A fixed-length array of a native type (or of a type that implements the Copy
trait) can be cloned in Rust up to the length of 32. That is, this compiles:
固定长度的本机类型数组(或实现复制特征的类型)可以在Rust中克隆到32的长度。也就是说,这会编译:
fn main() {
let source: [i32; 32] = [0; 32]; // length 32
let _cloned = source.clone();
}
But this doesn't:
但这不是:
fn main() {
let source: [i32; 33] = [0; 33]; // length 33
let _cloned = source.clone(); // <-- compile error
}
In fact, the trait Clone
only declares a method for each generic array length, from 0 to 32.

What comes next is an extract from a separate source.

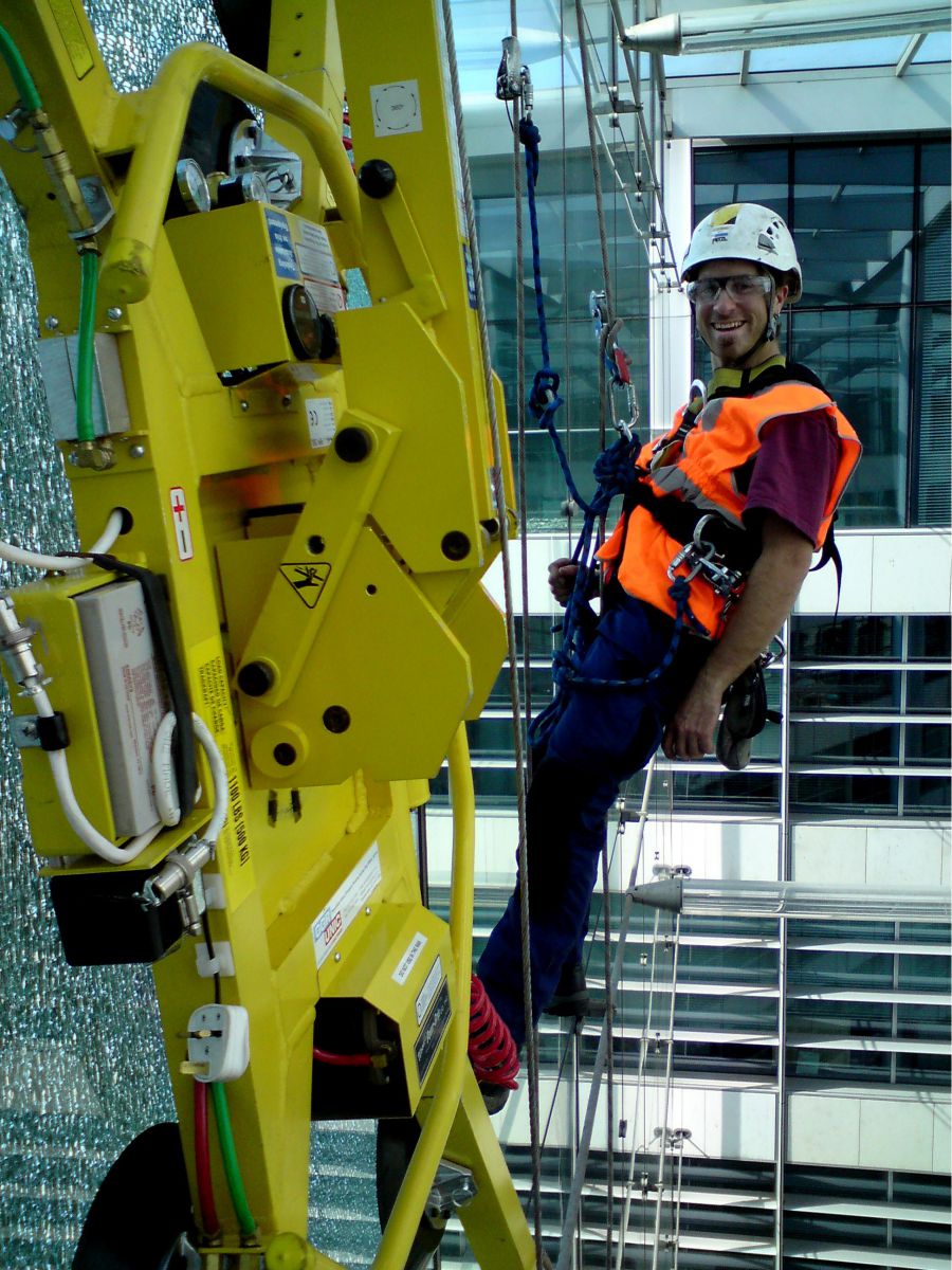 Riaan tydens 'n werkkontrak besig met herstelwerk aan die buitekant van 'n hoë gebou

实际上,特性克隆只为每个通用数组长度声明一个方法,从0到32。
What is an efficient and idiomatic way to clone a generic array of length, say, 33?
什么是克隆长度的通用数组(例如33)的有效且惯用的方法?
1 个解决方案
#1
7
You can't add the impl Clone
in your own code. This problem will be fixed at some point, in the mean time you can mostly work around it with varying amount of effort:
您无法在自己的代码中添加impl Clone。这个问题将在某个时候得到修复,同时您可以通过不同的努力来解决这个问题:
- If you just have a local variable of a concrete type and the type is
Copy
(as in your example), you can simply copy rather than cloning, i.e.,let _cloned = source;
. - 如果您只有一个具体类型的局部变量且类型为Copy(如您的示例所示),则可以简单地复制而不是克隆,即让_cloned = source;。

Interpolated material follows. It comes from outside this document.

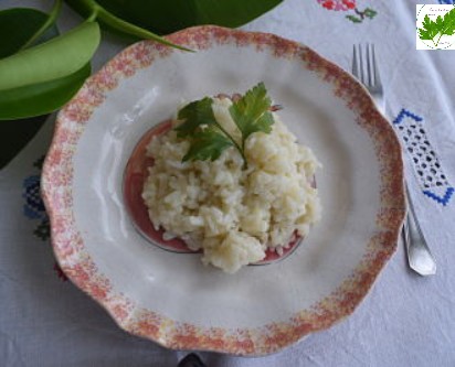 Pon a calentar aceite en el fondo de una cacerola. Fríe los ajos laminados. Corta la coliflor en ramitos y cuece unos minutos en agua hirviendo (no tiene que quedar blanda, más bien al dente). Pasa la coliflor, ya cocida, a la cazuela junto con el arroz y el vino. Rehoga todo junto. Agrega un poco del agua de la cocción de la coliflor y el caldo de ave ( entre los dos, doble del volumen de arroz), pon sal y pimienta al gusto. Sigue cociendo durante 20 minutos a fuego medio-bajo. Retira del fuego, deja reposar 5 minutos y sirve.

- If the array is a field of a struct you want to implement
Clone
for (andderive
won't work), you can still manually implementClone
and using the above trick in the implementation. - 如果数组是想要实现Clone for的结构的字段(并且派生将不起作用),您仍然可以手动实现Clone并在实现中使用上述技巧。
- Cloning an array of non-
Copy
types is trickier, becauseClone
can fail. You could write out[x[0].clone(), x[1].clone(), ...]
for as many times as you need, it's a lot of work but at least it's certain to be correct. - 克隆非复制类型的数组比较棘手,因为克隆可能会失败。您可以根据需要多次写出[x [0] .clone(),x [1] .clone(),...],这是很多工作,但至少它确定是正确的。
- If all else fails, you can still create a newtype wrapper. This requires quite a bit of boilerplate to delegate all the other traits you need, but then you can (again, manually) implement
Clone
. - 如果所有其他方法都失败了,您仍然可以创建一个newtype包装器。这需要相当多的样板来委托您需要的所有其他特征,但随后您可以(再次,手动)实现克隆。
#1
7
You can't add the impl Clone
in your own code. This problem will be fixed at some point, in the mean time you can mostly work around it with varying amount of effort:
您无法在自己的代码中添加impl Clone。这个问题将在某个时候得到修复,同时您可以通过不同的努力来解决这个问题:
- If you just have a local variable of a concrete type and the type is
Copy
(as in your example), you can simply copy rather than cloning, i.e.,let _cloned = source;
. - 如果您只有一个具体类型的局部变量且类型为Copy(如您的示例所示),则可以简单地复制而不是克隆,即让_cloned = source;。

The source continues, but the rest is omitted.